The message is not accepted for delivery to the intended recipient(s). A Delivery Status Notification stating delivery failure is sent out to the sender.

If a quarantine address has been configured, the quarantine address will receive a copy of the email. See Configuring Quarantine to learn how to configure the quarantine address.

D_REJECT

The message is rejected by Amavisd, and while Amavisd sends out a 550 SMTP response to the Mail Transfer Agent, said Mail Transfer Agent is responsible for sending out the Delivery Status Notification, if any.
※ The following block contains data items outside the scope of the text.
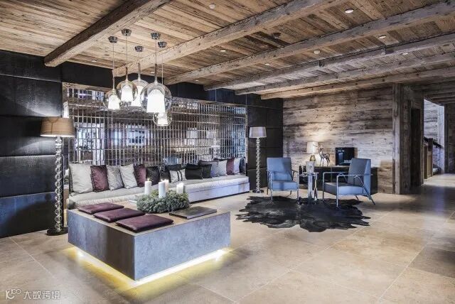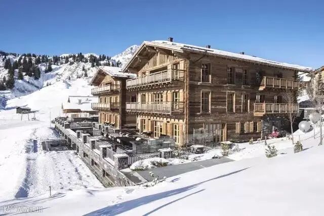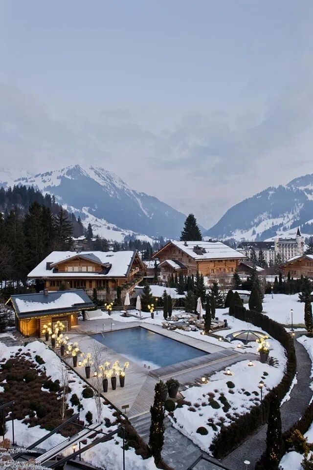 The Alpina Gstaad是这两年在欧洲滑雪界中声名鹊起的酒店,长型木造的建筑很有气势,不上漆色的原木质感间以白色粉刷石墙,与旁边的树木白雪浑然一体。前面一方温水泳池在冰雪酷寒中徐徐地冒着热气。如果从附近的至高点看下去,酒店建筑恰恰略低矮于周围的森林大树,完全融在瑞士这一片天然的高山景色中。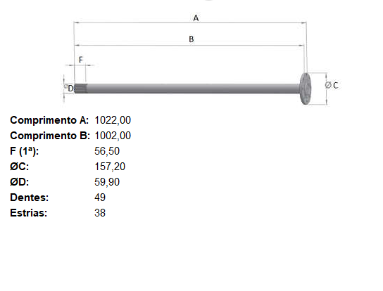 41512 - SEMI EIXO FORD CARGO/VW DIF RS/MS155 .../2001 LONGO LD
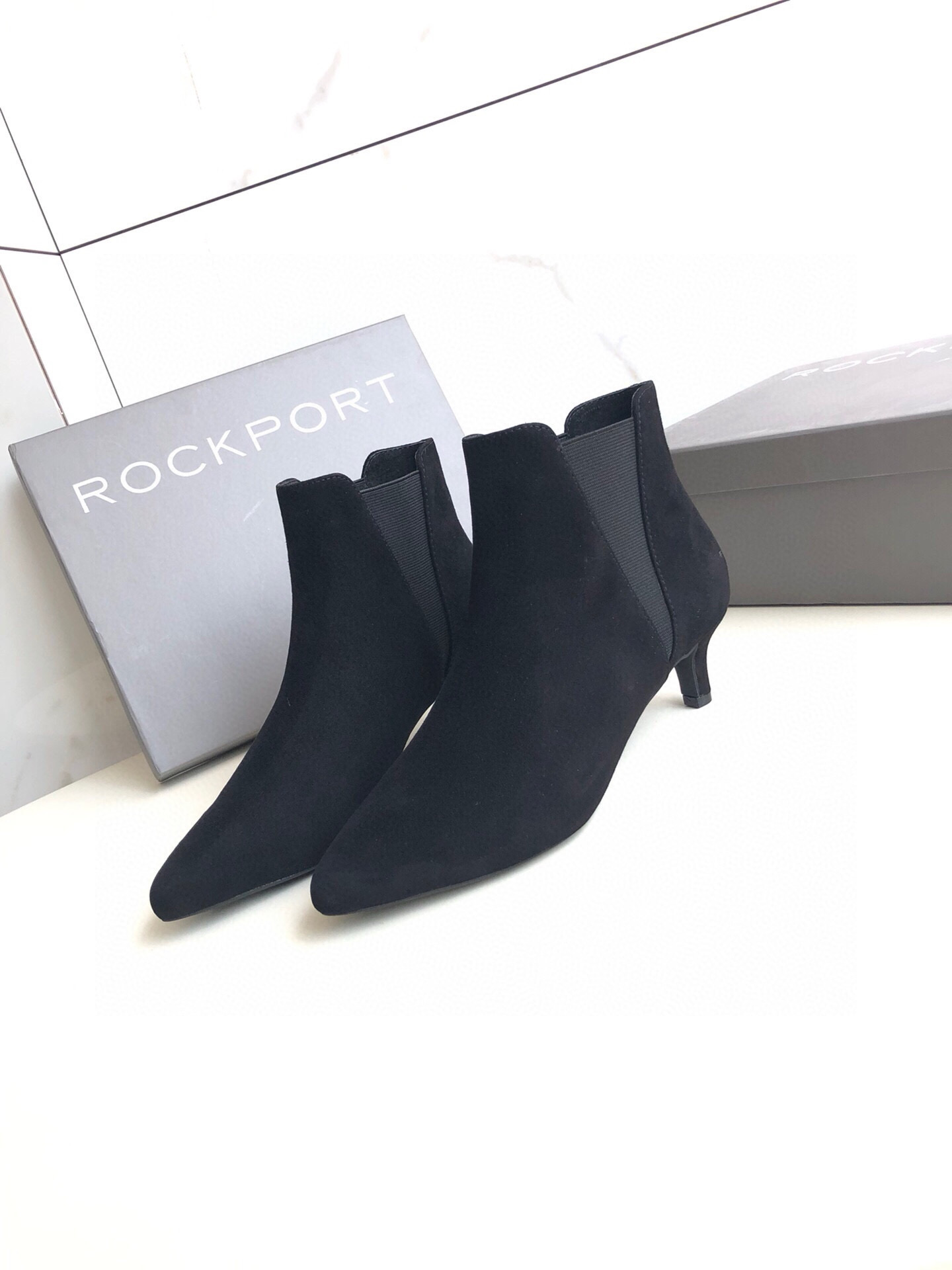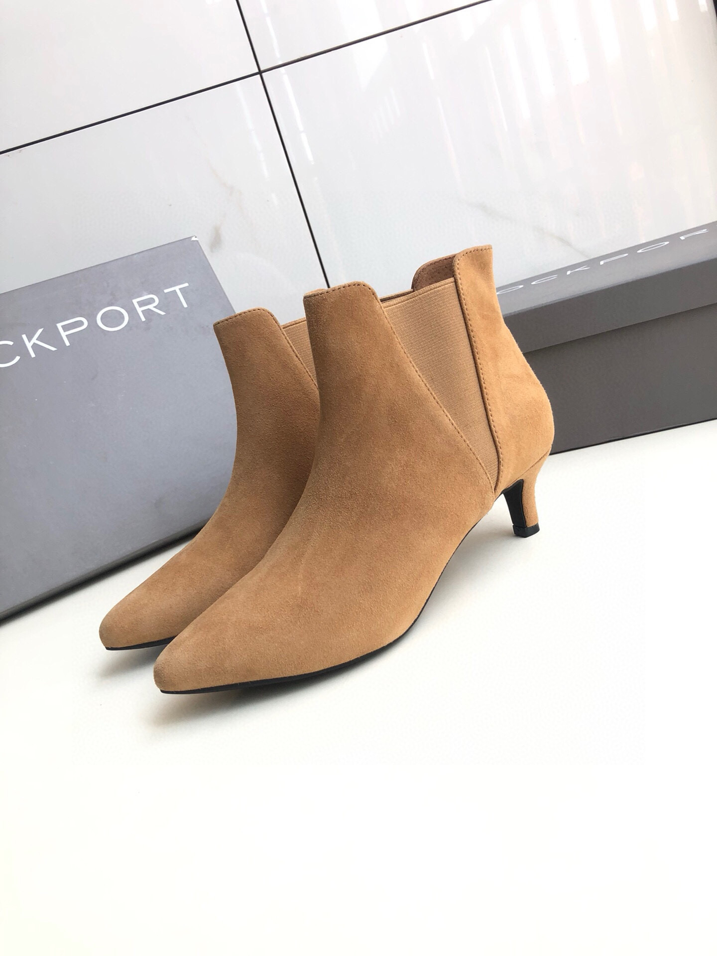 面头层牛皮里羊皮外贸女裸靴短筒靴V口松紧带细跟尖头时装靴欧美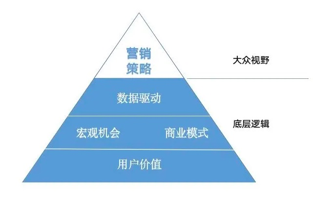 用户增长的全局视野包括:用户价值、宏观机会、商业模式、数据驱动和营销策略,其中营销策略是冰山顶端,也是唯一被大众视野直接看到部分。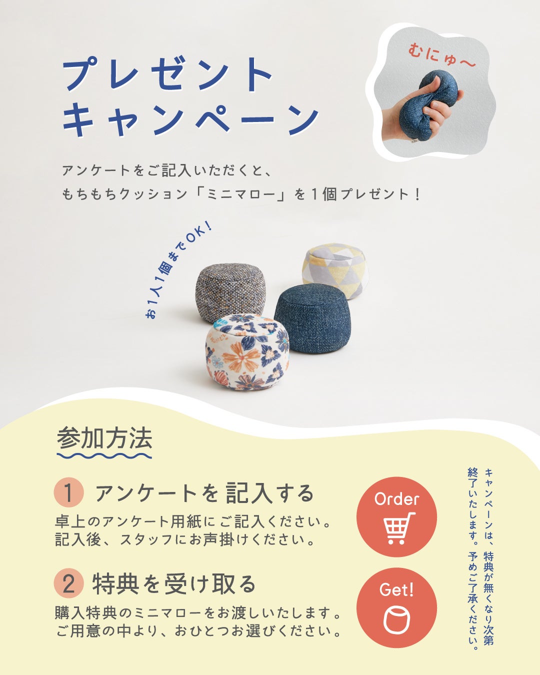 店頭で簡単なアンケートにご回答いただいた方には、もちもちクッション「ミニマロー」をプレゼントいたします。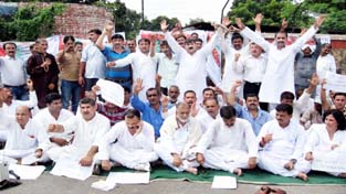 NPP workers staging protest outside Raj Bhavan in Jammu on Wednesday.       -Excelsior/Rakesh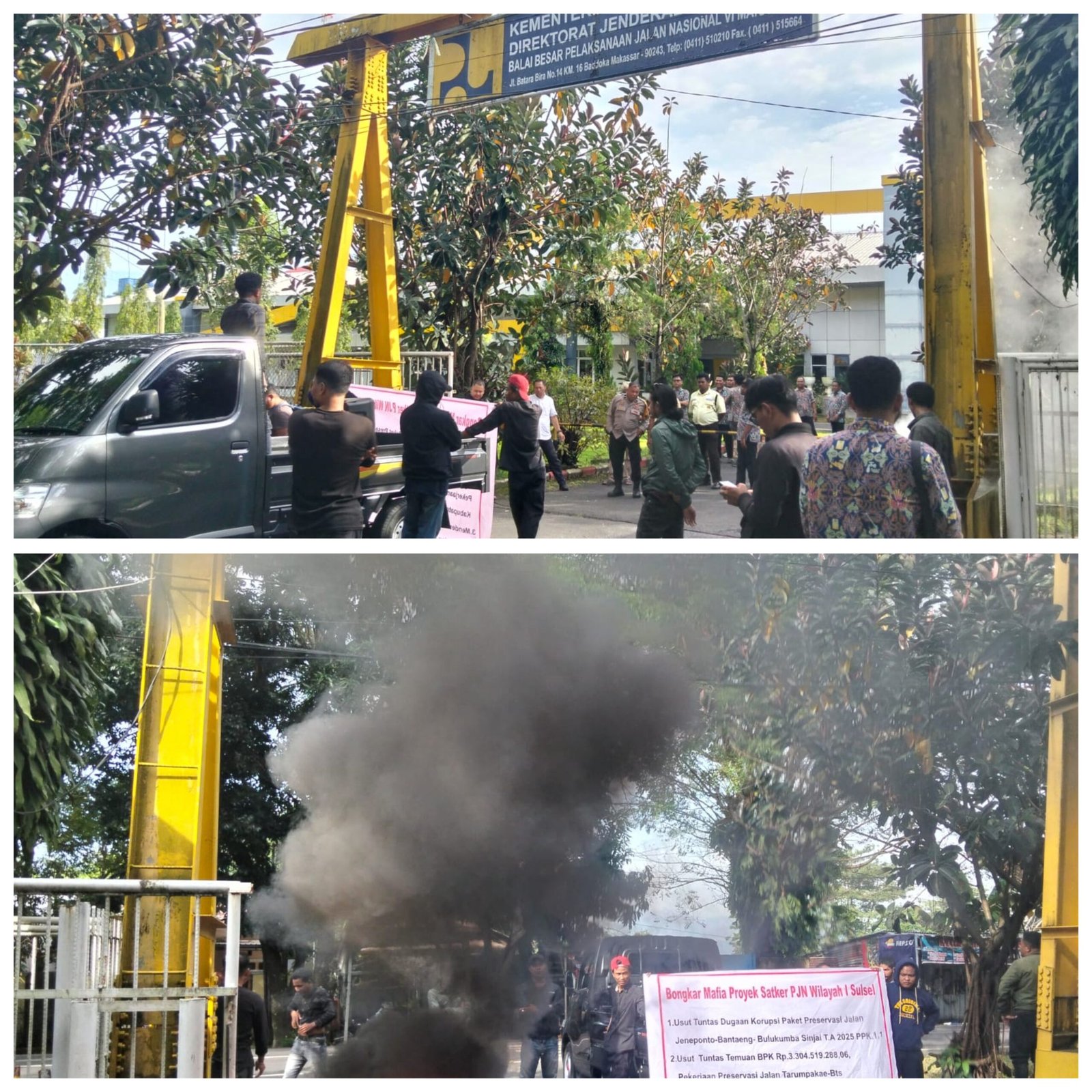 Setibanya di lokasi, mahasiswa langsung melakukan pembakaran ban di depan kantor sebagai bentuk protes keras terhadap dugaan penyimpangan proyek preservasi jalan di sejumlah daerah. Aksi tersebut memicu ketegangan dengan pihak pengamanan internal.

If a quarantine address has been configured, the quarantine address will receive a copy of the email. See Configuring Quarantine to learn how to configure the quarantine address.

D_DISCARD

The message is simply discarded by Amavisd. The sending Mail Transfer Agent will receive a positive SMTP delivery response, and Amavisd sends out no Delivery Status Notification, nor does it forward the message for delivery to the intended recipients.

If a quarantine address has been configured, the quarantine address will receive a copy of the email. See Configuring Quarantine to learn how to configure the quarantine address.

Configuring Quarantine

Two separate quarantine forwarding addresses can be configured. One is for messages labeled as spam, another for messages suspected to contain a virus.

A catchall address for spam can be configured by setting the $spam_quarantine_to setting to a valid recipient address in /etc/amavisd/amavisd.conf

A catchall address for messages suspected of containing a virus can be configured by setting the $virus_quarantine_to setting to a valid recipient address in /etc/amavisd/amavisd.conf.